▶ _What the exercise asks_: The required output is the stretch from the line containing "Volná tunika s netopýřimy" through the line containing "Lietuvos futbolo A" in the records below, unaltered and with no pictures.

▶ _Data records_:
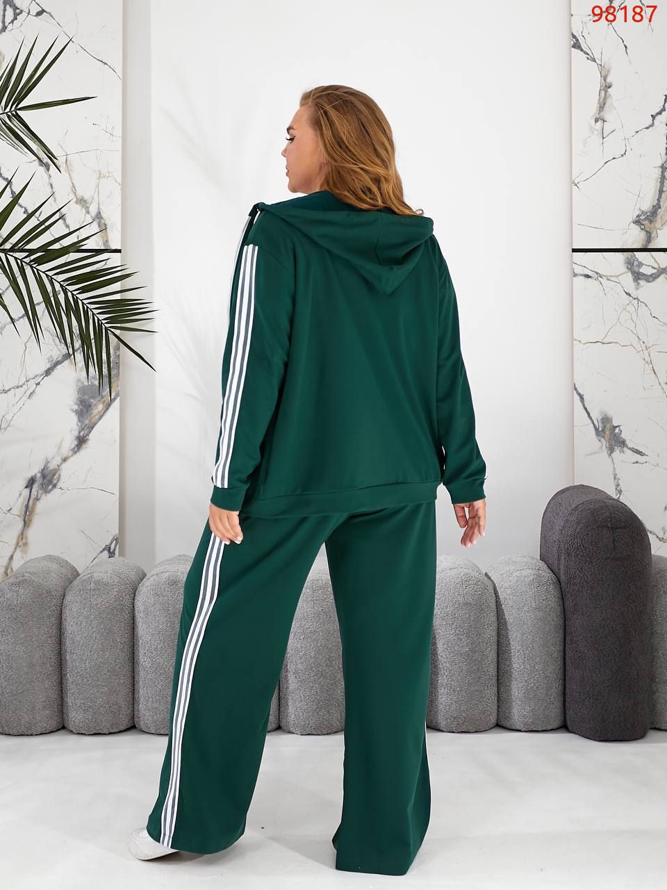 50-52 Довжина кофти – 70 см, довжина рукава – 57 см, Ог – 120см, довжина штанів – 109см, ОБ – 130см, ОТ гумка – 72/112см.
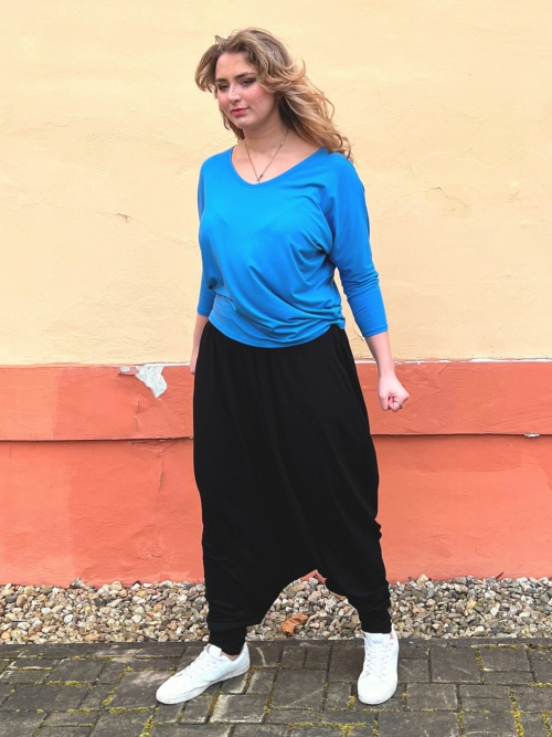 Volná tunika s netopýřimy rukávy z úpletu viskóza/elastan.
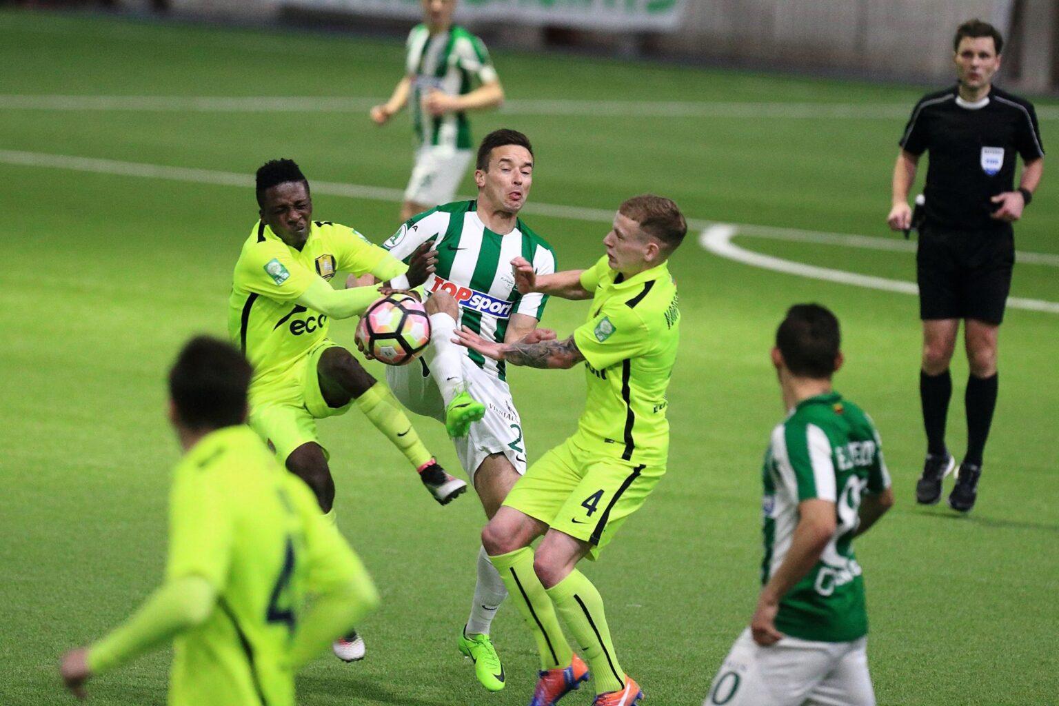 Lietuvos futbolo A lygoje trečiadienį įvyko pirmoji 2017 metų sezono grandų akistata. „Sportimos“ manieže vykusiose rungtynėse nominaliai namuose žaidę „Trakų“ futbolininkai 0:1 nusileido Vilniaus „Žalgiriui“.
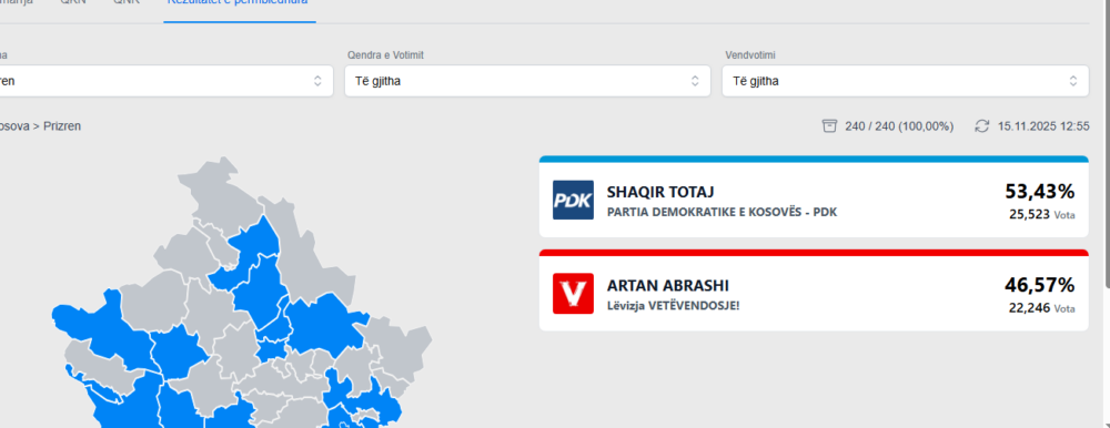 Megjithatë, pas përfshirjes së të gjitha votave, Totaj del fitues bindshëm, duke arritur mbi 25,000 vota, ndërsa Abrashi ka siguruar gjithsej 22,246 vota./Lajmi.net/
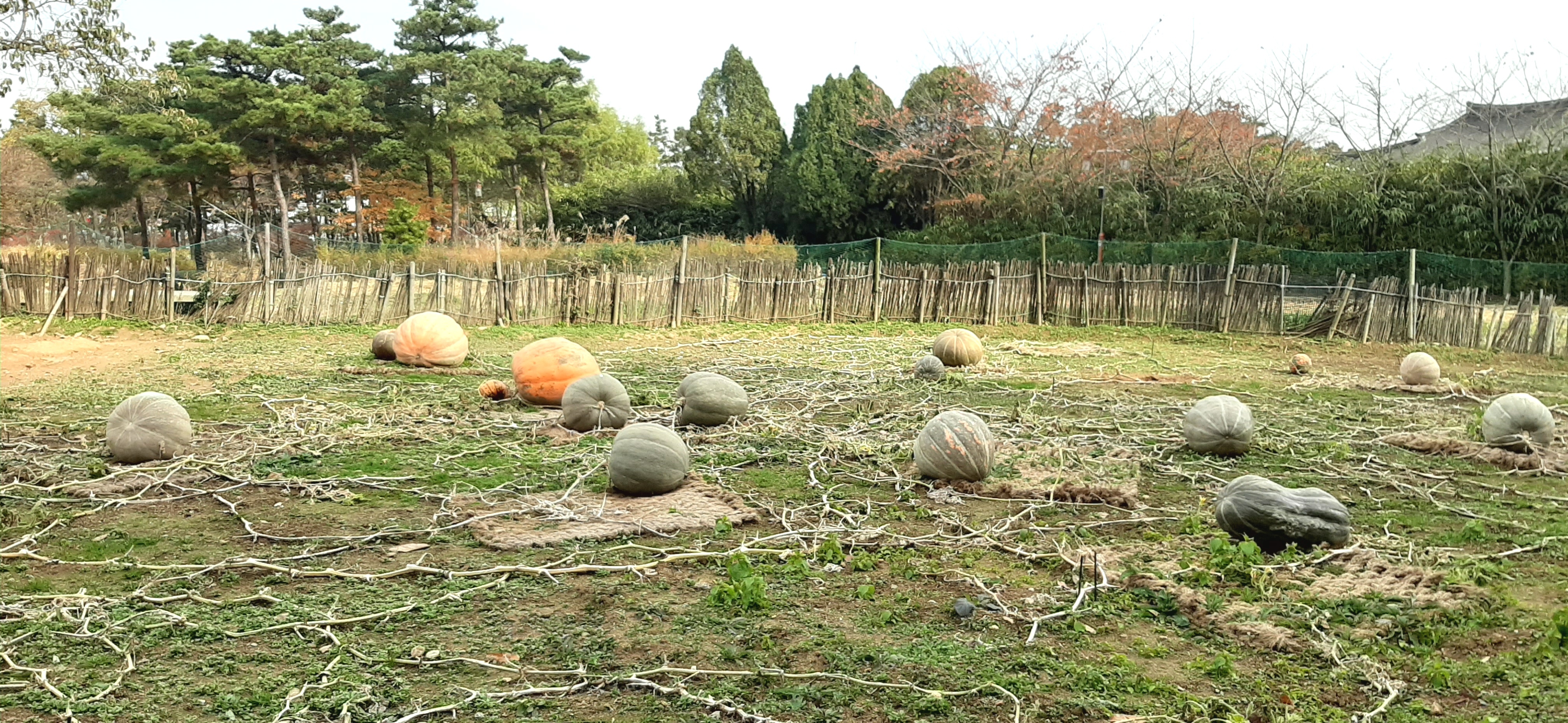 민가정원앞의 호박밭과 쟁기질하는 모습
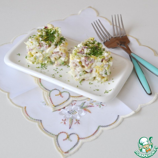 6. Всё перемешиваем, охлаждаем. Подаём в общем салатнике или порционно, посыпав мелко рубленной зеленью укропа.
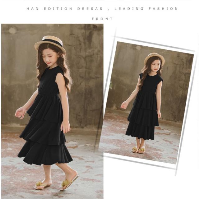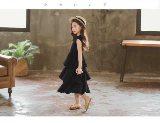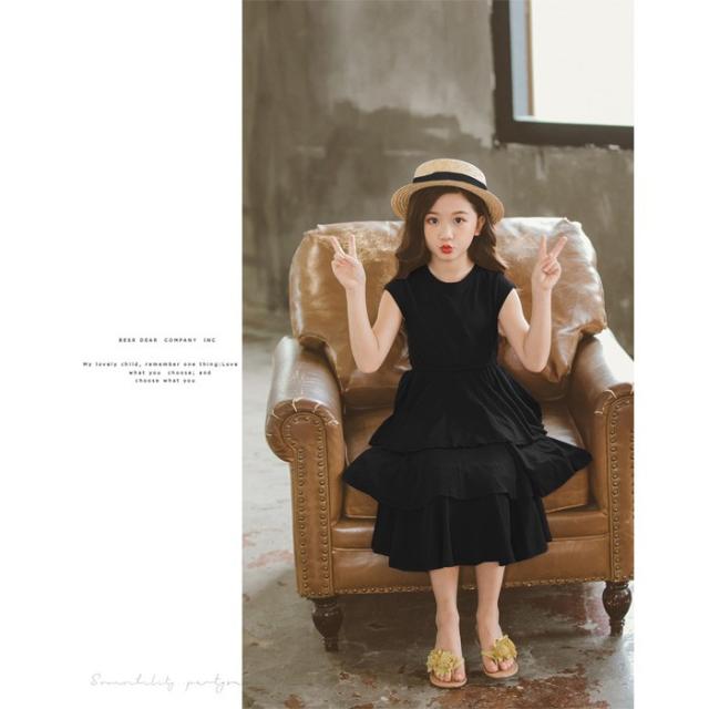 子供服 半袖 ワンピース マキシ丈 無地 ワンピース ベージュワンピース 女の子 キッズ 夏 ファッション感 学生服 ジュニア 女の子 2019夏新作
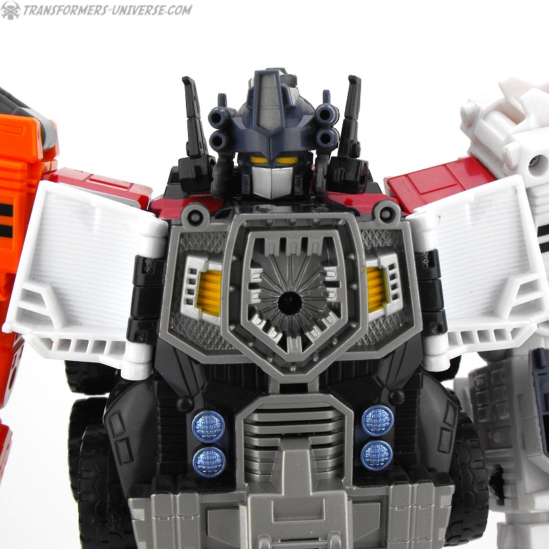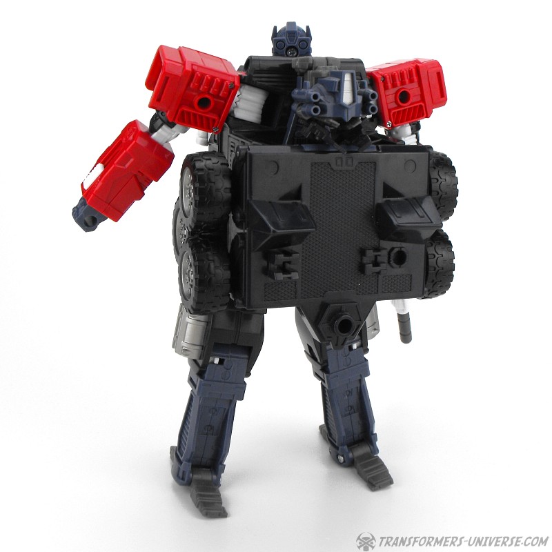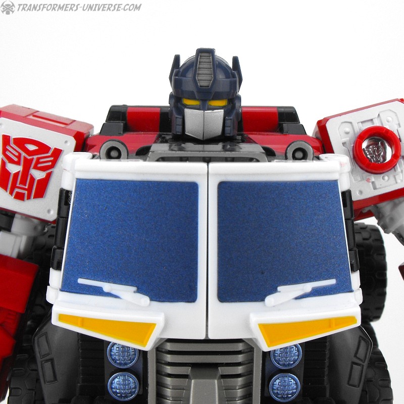 Optimus can also combine with Omega Supreme (see Omega's review for pictures). Basically his folded-up truck cap mode with only the head extended becomes the center of Omega's body, like putting on a kind of huge armour. The resulting combiner, named Optimus Supreme (though I would have preferred Omega Prime in memory of RID), doesn't look that different from Omega Supreme, except that the head of Optimus has now replaced Omega's and the yellow panel that formerly covered the area between Omega's shoulders is now upright. This gives Optimus one hell of a blind spot to his right, but the designers took the time to add some details to the panel, so now it looks like a kind of missile launcher. Nice touch.
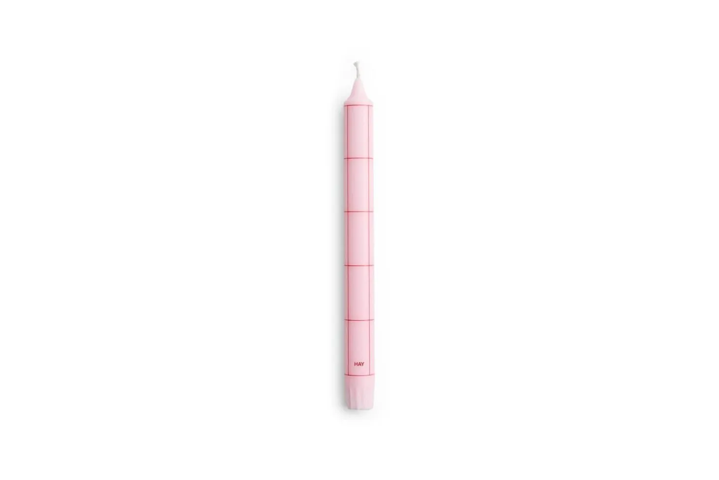 Dette cylinderformede stearinlys fra Hay kombinerer et delikat lyserødt ydre med et karakteristisk rødt gittermønster. Hay-brandet er diskret præget i bunden, hvilket sikrer autenticitet og kvalitet i dit hjem.
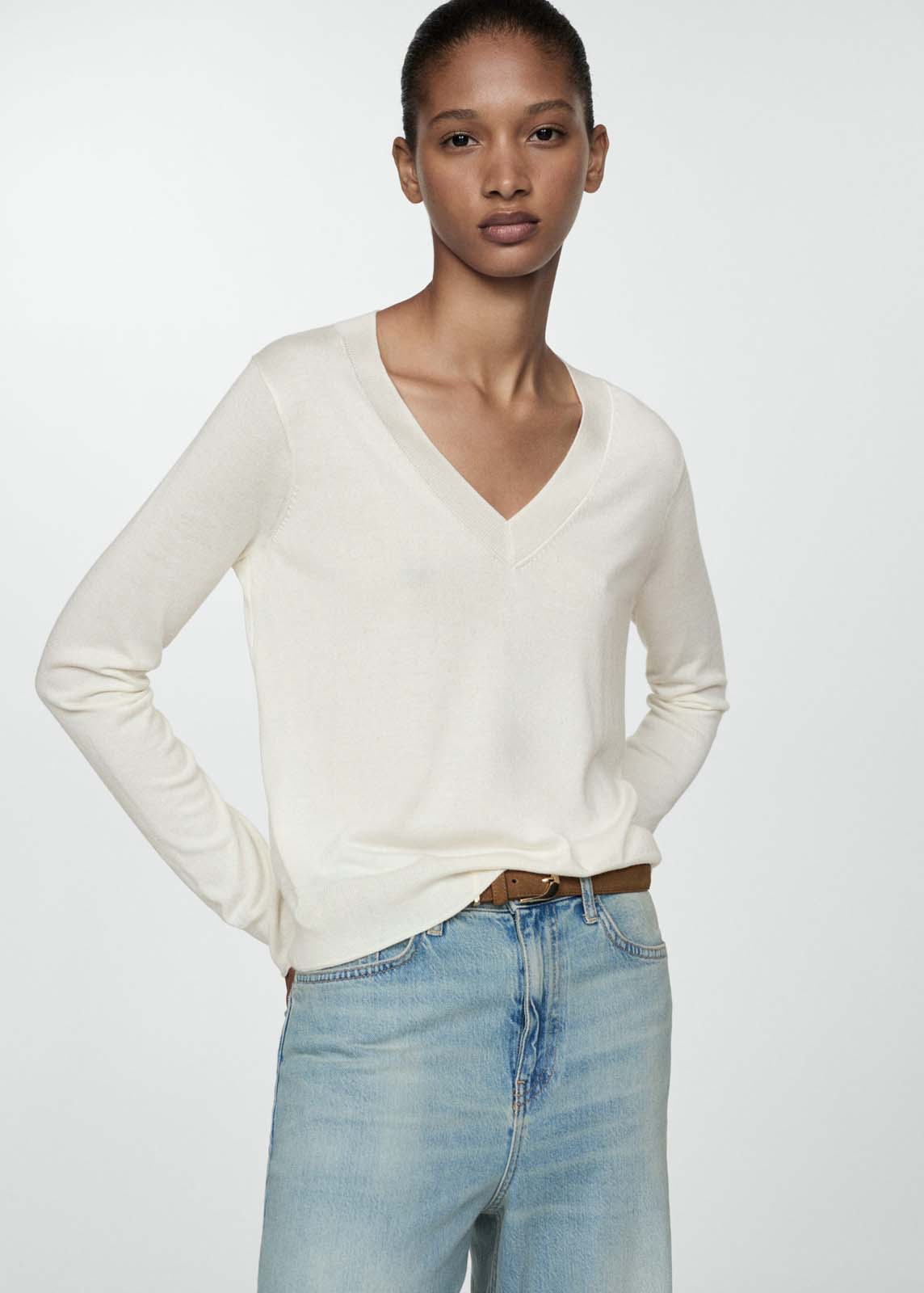 Looks de oficina,Tejido de punto fino,Cuello pico,Disponible Plus,Manga larga,Terminaciones en canalé

▶ _Response to the task_:
 Volná tunika s netopýřimy rukávy z úpletu viskóza/elastan.
 Lietuvos futbolo A lygoje trečiadienį įvyko pirmoji 2017 metų sezono grandų akistata. „Sportimos“ manieže vykusiose rungtynėse nominaliai namuose žaidę „Trakų“ futbolininkai 0:1 nusileido Vilniaus „Žalgiriui“.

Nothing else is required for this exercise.